Oh I guess that's more or less covered by the graphs around 40min in

@MoneyWiseGem 4 года назад

Great vid, any good code example for this ?

@rishikaushik8307 4 года назад

in the 'Zero-Shot Policy for New Tasks' section φ-sub-d means dth element of the φ vector or do we have d different successor features? First one makes sense to me

@YannicKilcher 4 года назад

I think it's the first one

@mT4945 4 года назад

You are amazing!

@crustysoda 4 года назад

I wonder if it also constrained new task to be score as linear combination of learned task? If the new task's score is multiplication of square picked times triangle picked, could generalize well?

@YannicKilcher 4 года назад

it could probably do ok because that still seems monotonic, but as I see it, this definitely violates their assumptions.

@2346Will 4 года назад

Isn't this what HER does? Please could someone explain why this proposed framework could be better than HER?

@herp_derpingson 4 года назад

Its just an ensemble bro...

@2346Will 4 года назад

@@herp_derpingson I agree that this paper seems to just be an ensemble of DQNs. It's just unclear to me what contribution it makes.

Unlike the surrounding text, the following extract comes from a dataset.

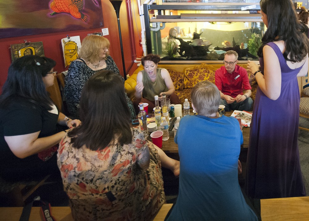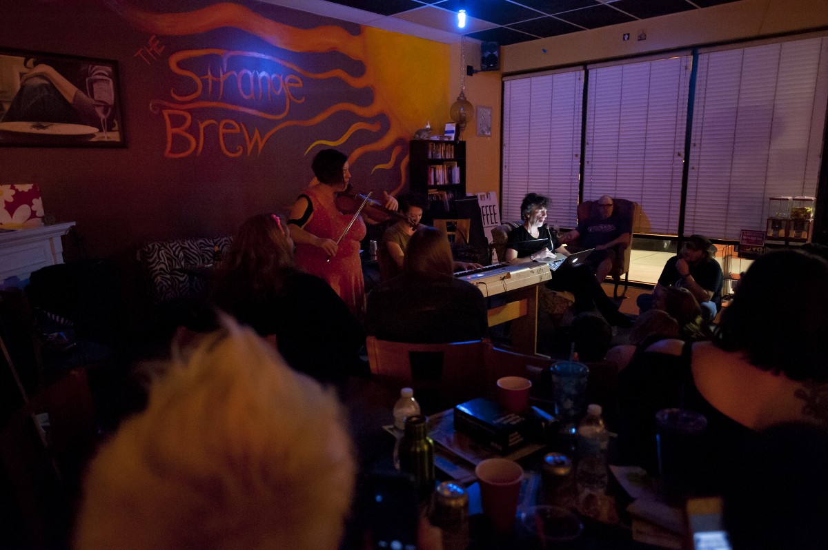 After lunch and a quick change, we got to Strange Brew and settled in, watching the rest of the attendees arrive with potluck offerings and anticipation for the evening.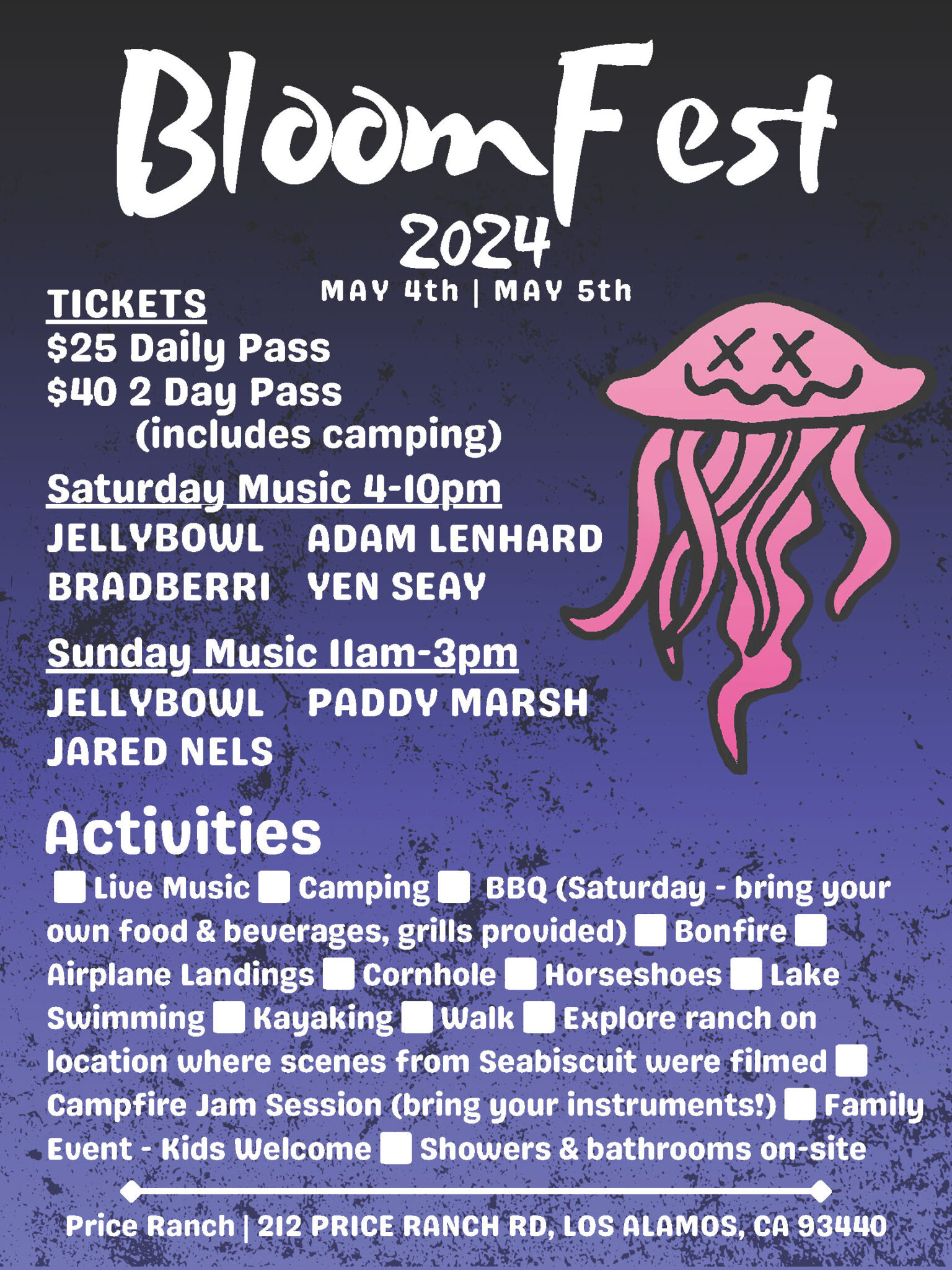 Live Music Camping BBQ (Saturday – bring your own food & beverages, grills provided), Bonfire Airplane Landings, Cornhole, Horseshoes, Lake Swimming, Kayaking, Walk, Explore ranch on location where scenes from Seabiscuit were filmed, Campfire Jam Session (bring your instruments!), Family Event, Kids Welcome,, Showers & bathrooms on-site.

@first-thoughtgiver-of-will2456 4 года назад

they both seem to take from the great Universal Value Function Approximation paper but having glanced at HER-- this algorithm doesn't rely strictly on a replay buffer for multi-goal learning and learns a policy ('feature') mixing vector mask thing (w). Thinking analogously, this is a linear attempt to automate the hard coded HER goals used in the replay buffer. It seems that in HER you can degrade learning if you have goals that are too different whereas w here would allow the algorithm to tune non-applicable policies out. Also HER randomly mixes objectives during training of a policy through the replay buffer whereas this looks directly at prior policies (..'features') and attempts to mix in some policy. HER is a mutli objective learner whereas this is more of a 'smart' transfer learner (an admitably subtle difference). the difference to me is something like sequential vs parallel learning across policies. I only glanced at the HER algorithm and just watched this video in the background and haven't read the paper; I am sure I missed something or am wrong about something but hope I lent some insight.